** Opening PROVIDED ENTRIES block **

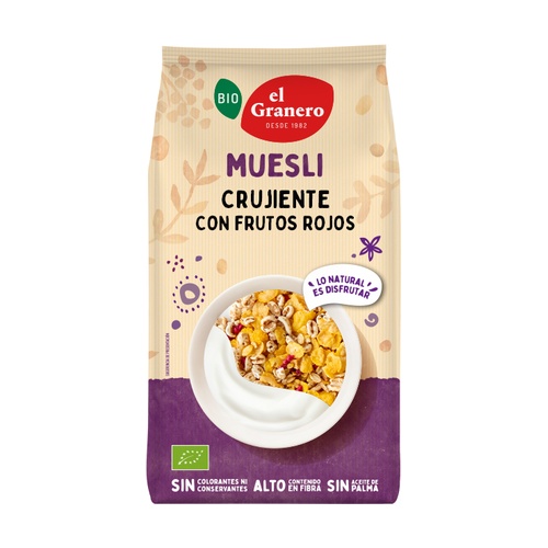 Křupavý müsli s bio červeným ovocem a veganský od El Granero Integral.
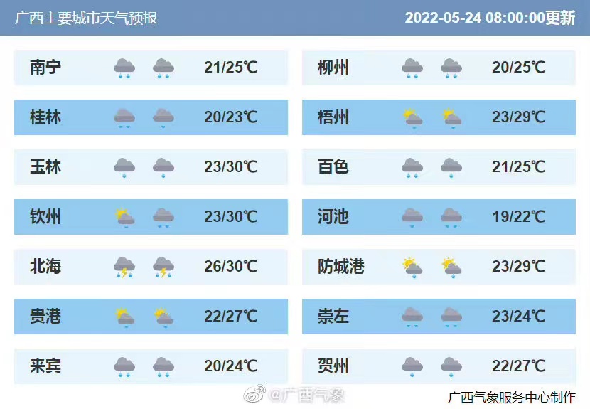 预计今天白天,全区大部依旧阴雨笼罩,较强降雨区仍在桂北、桂西及沿海,有中到大雨为主,局部暴雨;25-26日,雨势稍有减弱,但部分地区仍能达到中雨量级,局部大雨到暴雨。
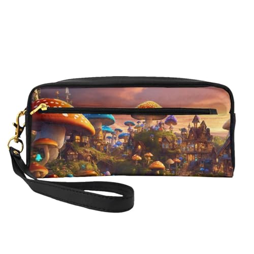 Melbrakin Magic Mushroom Cute Pencil Case,Makeup Bag with Zipper Print Leather for Women Men
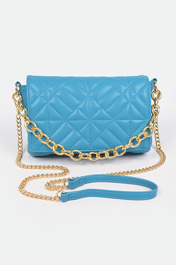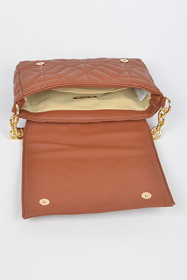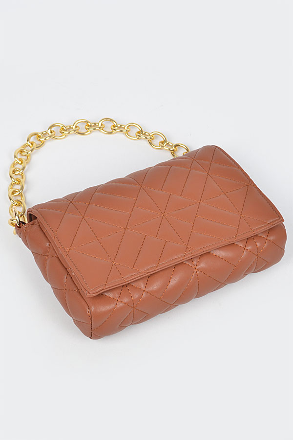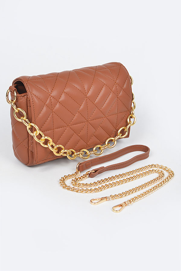 - * Quilted Faux Leather Chain Flap Bag
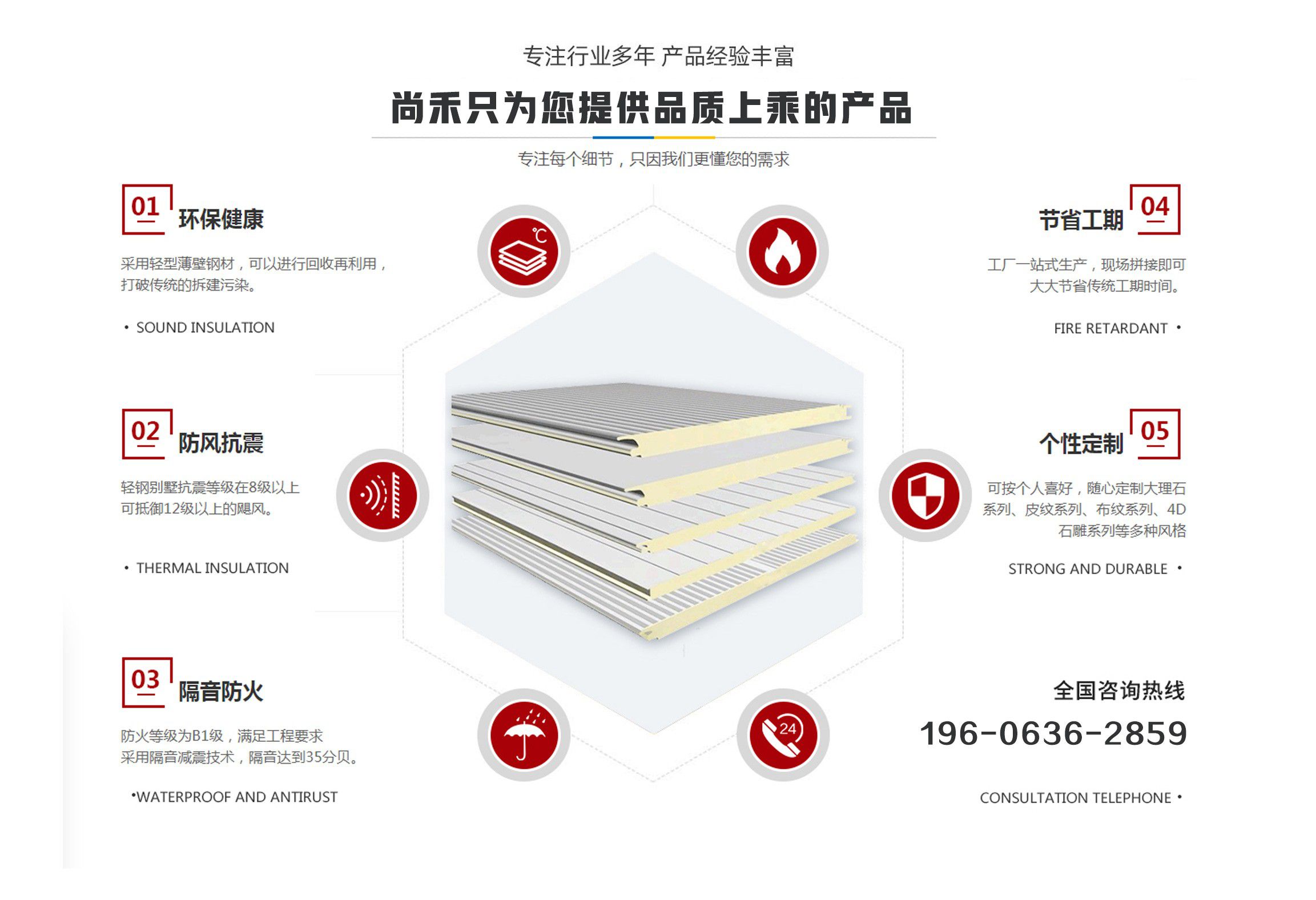 山東尚禾經貿有限公司是集板材設計、研發、生產、施工、一體化的科技公司,并在同行業中率先通過了質量、環境、安全管理體系認證。公司2011年投入資金2000余萬元引進世界先進的聚氨酯節能板連續生產線、意大利進口發泡系統,采用六組份在線自動操作混合澆注技術,在線一次性完成社會配料中心或工廠的配比混合工藝,并可以根據溫度在線自動調整,從而生產處與眾不同的高強度、節能型、綠色環保的聚氨酯夾芯板。(其使用年限高于同行業其他品牌5-10年) 公司主要經營范圍包括聚氨酯夾芯板,PU夾芯板,冷庫板,潔凈板,聚氨酯冷庫板,冷庫保溫板的設計、生產、銷售、技術指導、安裝及一體、以及進出口業務,是中部六省最大的綠色節能建材生產基地。聚氨酯夾芯板年產200萬平方米、PU夾芯板、冷庫保溫板500萬平方米、鏈整產業綜合實力,開創了六省至中西部創新型中小名企總部基地,并將著力推進中國中西部地區集成房屋住宅產業化發展進程?! 】萍紕撔?、節能典范。千萬間始終秉承“誠信、合作”的企業文化精髓,長期致力于鋼板材結構節能建筑產業,愿與社會各界攜手合作,共鑄綠色、環保美好未來。 產品具有良好的絕熱、阻燃、隔音、環保、耐久性能,可廣泛應用于工業、商用建筑內外墻、以及民用建筑外墻保溫、空調通風系統、專用防火保溫門等領域?! ∥覀兪冀K秉承...

** Closing PROVIDED ENTRIES block **

- [WHAT THE TASK REQUIRES]:
Without including any picture, write out the material above exactly.

- [SOLUTION TO THIS PROBLEM]:
 Křupavý müsli s bio červeným ovocem a veganský od El Granero Integral.
 预计今天白天,全区大部依旧阴雨笼罩,较强降雨区仍在桂北、桂西及沿海,有中到大雨为主,局部暴雨;25-26日,雨势稍有减弱,但部分地区仍能达到中雨量级,局部大雨到暴雨。
 Melbrakin Magic Mushroom Cute Pencil Case,Makeup Bag with Zipper Print Leather for Women Men
 - * Quilted Faux Leather Chain Flap Bag
 山東尚禾經貿有限公司是集板材設計、研發、生產、施工、一體化的科技公司,并在同行業中率先通過了質量、環境、安全管理體系認證。公司2011年投入資金2000余萬元引進世界先進的聚氨酯節能板連續生產線、意大利進口發泡系統,采用六組份在線自動操作混合澆注技術,在線一次性完成社會配料中心或工廠的配比混合工藝,并可以根據溫度在線自動調整,從而生產處與眾不同的高強度、節能型、綠色環保的聚氨酯夾芯板。(其使用年限高于同行業其他品牌5-10年) 公司主要經營范圍包括聚氨酯夾芯板,PU夾芯板,冷庫板,潔凈板,聚氨酯冷庫板,冷庫保溫板的設計、生產、銷售、技術指導、安裝及一體、以及進出口業務,是中部六省最大的綠色節能建材生產基地。聚氨酯夾芯板年產200萬平方米、PU夾芯板、冷庫保溫板500萬平方米、鏈整產業綜合實力,開創了六省至中西部創新型中小名企總部基地,并將著力推進中國中西部地區集成房屋住宅產業化發展進程?! 】萍紕撔?、節能典范。千萬間始終秉承“誠信、合作”的企業文化精髓,長期致力于鋼板材結構節能建筑產業,愿與社會各界攜手合作,共鑄綠色、環保美好未來。 產品具有良好的絕熱、阻燃、隔音、環保、耐久性能,可廣泛應用于工業、商用建筑內外墻、以及民用建筑外墻保溫、空調通風系統、專用防火保溫門等領域?! ∥覀兪冀K秉承...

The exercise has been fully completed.